I had the same issue on Windows 10 where I tried to SSH into a Vagrant box. This seems like a bug in the old OpenSSH version. What worked for me:

  1. Install the latest OpenSSH from http://www.mls-software.com/opensshd.html
  2. where.exe ssh

(Note the ".exe" if you are using Powershell)
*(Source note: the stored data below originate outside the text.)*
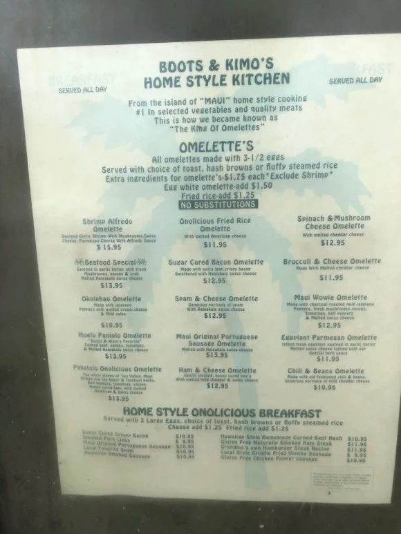 메뉴판과 가격이다. 팬케이크와 오믈릿 그리고 고기류가 주된 메뉴로 보였다. 우리가 시킨 메뉴는 세개였다. 하나는 이곳의 대표 메뉴였다. Banana Pancake with "Kimo's" Macadamia Nut Sauce! 일명 마카다미아 팬케이크로 불리는 메뉴였다. 두번째는 쉬림프 알프레도 오믈릿! 새우와 알프레도 소스가 잘 버무진 오믈릿이었다. 그리고 세번째 메뉴는 아이들이 사랑하는 갈비! 이곳에도 갈비메뉴가 있었다.
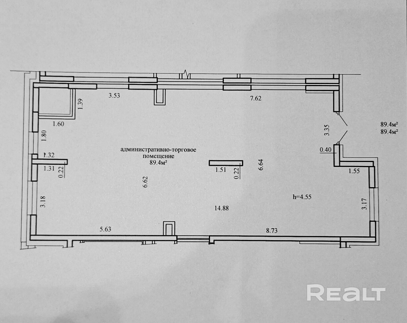Сдаются в аренду помещения площадью 62,8 м2 и 89,4 м2 (на планировке помещения 1 и 4 соответственно) в ЖК «Минск-Мир» по адресу ул. Савицкого,23.
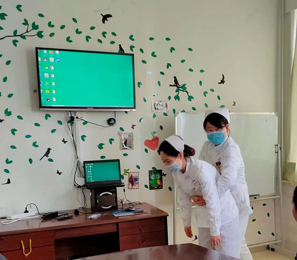精神科患者服用抗精神病藥物常見(jiàn)的副反應(yīng)之一為吞咽困難,可能導(dǎo)致咳嗆或噎食,是危及患者生命安全的原因之一。為普及海姆立克法,提高患者及家屬自護(hù)、救護(hù)能力,在云科普節(jié)目后,王歌主管護(hù)師向患者講述了海姆立克法的原理,護(hù)士長(zhǎng)薛娜與王歌詳細(xì)講解了海姆立克法的步驟及動(dòng)作示范,并觀看視頻播放,從而讓在場(chǎng)家屬及患者更好的理解、學(xué)習(xí)海姆立克法。
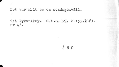 //// Det var allt om en söndagskväll. //// 9:4 Nykarleby. S.L.S. 19. s.l59-ål6l. //// nr 45. //// * //// i. //// : //// ÅBO ////
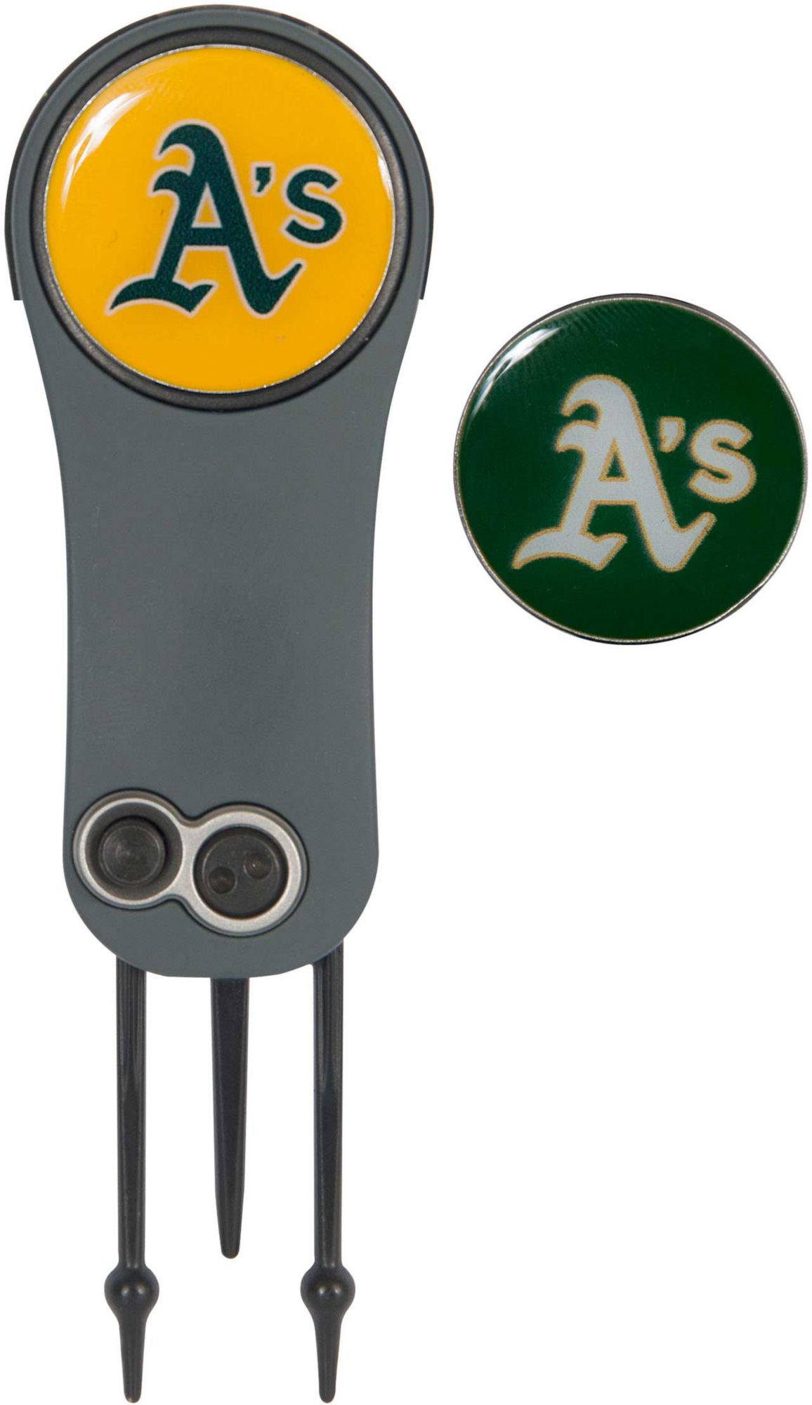 Turn heads with your skill and course etiquette while using the Team Effort Oakland Athletics Switchblade Divot Tool. This ergonomically crafted divot tool features a switchblade prong engagement mechanism and utilizes Fusion Pin technology to make repairing divots fast and easy. Two 25mm, iron stamped ball markers feature team trademarks and sit within the magnetic housing on the front of the tool for at hand convenience. An integrated pencil sharpener provides championship-level versatility.

You might see something like:

C:\Windows\System32\OpenSSH\ssh.exe
C:\Program Files\OpenSSH\bin\ssh.exe
C:\opscode\chefdk\embedded\git\usr\bin\ssh.exe

Note that in the above example the latest OpenSSH is second in the path so it won't execute.

To change the order:

  1. Right-click Windows button -> Settings -> "Edit the System Environment Variables"
  2. On the "Advance" tab click "Environment Variables..."
  3. Under System Variables edit "Path".
  4. Select "C:\Program Files\OpenSSH\bin" and "Move Up" so that it appears on the top.
  5. Click OK
  6. Restart your Console so that the new environment variables may apply.
十年九夏 2024-08-14 17:36:16

我的系统有点混乱,bash/cygwin/git/msysgit/maybe-more...

chmod 对密钥或 config 文件没有影响。

然后我决定从 Windows 来处理它,结果很有效。

  1. 右键单击需要修复权限的文件。
  2. 选择属性
  3. 选择安全选项卡。
  4. 点击底部附近的高级
  5. 点击顶部附近Owner 旁边的Change
  6. 输入“My-Awesome-Username”(显然将其更改为您当前的 Windows 用户名),然后单击检查名称,然后单击确定
  7. 权限条目:下,突出显示每个不是“My-Awesome-Username”的用户,然后选择删除。重复此操作,直到只剩下“My-Awesome-Username”。
  8. 选择“My-Awesome-Username”,然后点击下面的编辑
  9. 确保顶部的类型:设置为允许,然后勾选完全控制旁边的复选框。
  10. 点击确定应用确定确定

  11. 现在再试一次...

似乎有时模拟bash无法控制文件所有权。它特别奇怪,因为它是从模拟 bash 脚本生成的。去算算吧。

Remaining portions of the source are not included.